● **INPUT RECORDS**
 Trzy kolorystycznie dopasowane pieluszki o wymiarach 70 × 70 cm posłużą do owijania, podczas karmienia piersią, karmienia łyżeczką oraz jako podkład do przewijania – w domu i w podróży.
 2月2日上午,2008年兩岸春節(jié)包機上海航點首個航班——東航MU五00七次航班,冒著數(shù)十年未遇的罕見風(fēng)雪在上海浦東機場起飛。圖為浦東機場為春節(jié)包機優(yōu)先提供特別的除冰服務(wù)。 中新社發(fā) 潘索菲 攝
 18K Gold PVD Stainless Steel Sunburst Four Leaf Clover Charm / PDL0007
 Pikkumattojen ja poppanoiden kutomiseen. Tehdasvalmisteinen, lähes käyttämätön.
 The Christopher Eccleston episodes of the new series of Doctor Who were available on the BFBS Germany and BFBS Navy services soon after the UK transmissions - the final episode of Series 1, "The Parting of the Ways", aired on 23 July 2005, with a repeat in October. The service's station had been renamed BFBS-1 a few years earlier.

...

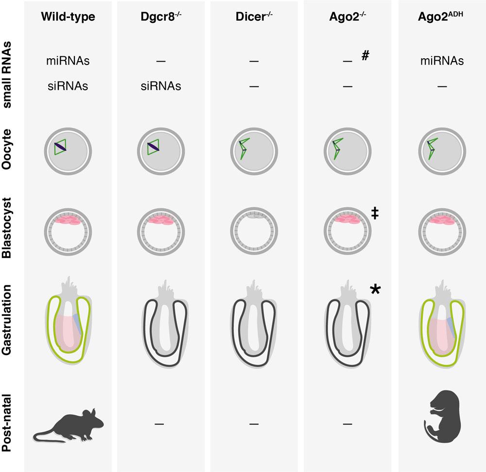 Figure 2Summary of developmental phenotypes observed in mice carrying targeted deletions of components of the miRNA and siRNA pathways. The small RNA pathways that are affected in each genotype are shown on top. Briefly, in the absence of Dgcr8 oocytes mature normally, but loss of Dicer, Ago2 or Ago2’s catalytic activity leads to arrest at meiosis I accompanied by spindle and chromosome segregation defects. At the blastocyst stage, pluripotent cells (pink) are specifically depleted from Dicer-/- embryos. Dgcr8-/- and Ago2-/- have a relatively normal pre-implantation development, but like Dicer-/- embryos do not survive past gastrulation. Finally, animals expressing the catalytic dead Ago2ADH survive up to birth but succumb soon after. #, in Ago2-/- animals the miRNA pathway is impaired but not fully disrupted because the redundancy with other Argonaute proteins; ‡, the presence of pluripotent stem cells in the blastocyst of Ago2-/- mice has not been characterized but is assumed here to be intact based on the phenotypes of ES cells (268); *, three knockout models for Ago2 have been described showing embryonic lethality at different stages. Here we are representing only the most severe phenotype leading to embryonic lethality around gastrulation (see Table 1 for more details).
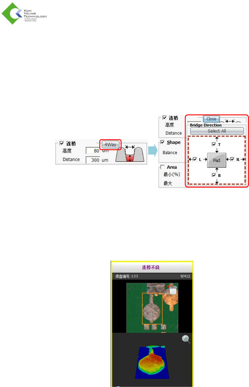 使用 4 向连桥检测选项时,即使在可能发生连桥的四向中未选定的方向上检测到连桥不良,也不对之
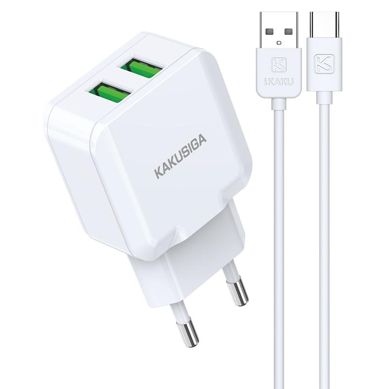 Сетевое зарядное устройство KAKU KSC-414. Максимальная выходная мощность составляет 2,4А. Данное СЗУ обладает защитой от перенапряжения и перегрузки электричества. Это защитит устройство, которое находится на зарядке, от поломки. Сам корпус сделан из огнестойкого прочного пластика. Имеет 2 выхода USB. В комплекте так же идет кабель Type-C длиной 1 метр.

==

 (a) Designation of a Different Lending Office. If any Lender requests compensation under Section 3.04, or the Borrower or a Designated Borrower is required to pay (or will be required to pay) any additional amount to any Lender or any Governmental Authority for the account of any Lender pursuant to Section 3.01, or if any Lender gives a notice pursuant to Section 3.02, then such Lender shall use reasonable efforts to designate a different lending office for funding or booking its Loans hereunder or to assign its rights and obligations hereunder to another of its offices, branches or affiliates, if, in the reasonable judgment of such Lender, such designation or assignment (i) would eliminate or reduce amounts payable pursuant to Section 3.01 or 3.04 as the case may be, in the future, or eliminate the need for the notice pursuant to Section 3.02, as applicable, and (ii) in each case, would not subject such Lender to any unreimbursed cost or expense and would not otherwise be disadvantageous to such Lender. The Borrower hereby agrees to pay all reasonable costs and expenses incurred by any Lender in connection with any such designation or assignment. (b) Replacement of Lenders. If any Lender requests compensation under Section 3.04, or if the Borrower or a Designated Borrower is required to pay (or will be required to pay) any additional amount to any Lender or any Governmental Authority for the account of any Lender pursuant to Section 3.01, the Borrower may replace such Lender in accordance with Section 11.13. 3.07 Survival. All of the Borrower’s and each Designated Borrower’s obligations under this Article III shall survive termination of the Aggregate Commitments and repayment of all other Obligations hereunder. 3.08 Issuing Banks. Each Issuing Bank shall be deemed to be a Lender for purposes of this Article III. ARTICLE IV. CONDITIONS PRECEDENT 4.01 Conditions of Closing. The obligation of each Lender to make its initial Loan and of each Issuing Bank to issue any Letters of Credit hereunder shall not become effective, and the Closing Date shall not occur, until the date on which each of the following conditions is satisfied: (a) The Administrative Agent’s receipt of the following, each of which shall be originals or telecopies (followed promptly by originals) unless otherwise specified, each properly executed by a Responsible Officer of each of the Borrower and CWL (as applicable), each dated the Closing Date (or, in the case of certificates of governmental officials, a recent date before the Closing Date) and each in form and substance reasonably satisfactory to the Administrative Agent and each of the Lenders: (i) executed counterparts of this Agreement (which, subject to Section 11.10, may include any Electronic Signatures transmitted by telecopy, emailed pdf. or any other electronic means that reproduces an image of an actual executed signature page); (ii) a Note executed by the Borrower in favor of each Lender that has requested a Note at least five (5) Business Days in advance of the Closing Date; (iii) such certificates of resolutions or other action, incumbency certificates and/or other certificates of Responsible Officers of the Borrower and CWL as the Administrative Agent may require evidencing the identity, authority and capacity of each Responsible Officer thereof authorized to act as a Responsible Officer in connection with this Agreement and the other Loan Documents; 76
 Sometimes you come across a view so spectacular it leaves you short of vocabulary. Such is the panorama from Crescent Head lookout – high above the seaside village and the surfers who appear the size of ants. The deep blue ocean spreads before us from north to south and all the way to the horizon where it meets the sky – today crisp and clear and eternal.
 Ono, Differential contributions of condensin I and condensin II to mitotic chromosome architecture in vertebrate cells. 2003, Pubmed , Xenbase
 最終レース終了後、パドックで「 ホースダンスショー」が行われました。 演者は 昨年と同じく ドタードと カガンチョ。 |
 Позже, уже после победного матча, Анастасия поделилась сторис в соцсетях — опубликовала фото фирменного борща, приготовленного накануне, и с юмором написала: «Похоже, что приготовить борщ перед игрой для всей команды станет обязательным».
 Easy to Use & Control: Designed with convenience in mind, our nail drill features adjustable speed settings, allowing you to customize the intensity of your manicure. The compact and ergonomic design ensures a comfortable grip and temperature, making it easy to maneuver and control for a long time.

● **EXERCISE AIM**
Within the listing above, the range opens at the line with "Позже, уже после" and closes at the line with "Easy to Use". Reproduce exactly the lines of that range, including both ends.

● **RESPONSE**
 Позже, уже после победного матча, Анастасия поделилась сторис в соцсетях — опубликовала фото фирменного борща, приготовленного накануне, и с юмором написала: «Похоже, что приготовить борщ перед игрой для всей команды станет обязательным».
 Easy to Use & Control: Designed with convenience in mind, our nail drill features adjustable speed settings, allowing you to customize the intensity of your manicure. The compact and ergonomic design ensures a comfortable grip and temperature, making it easy to maneuver and control for a long time.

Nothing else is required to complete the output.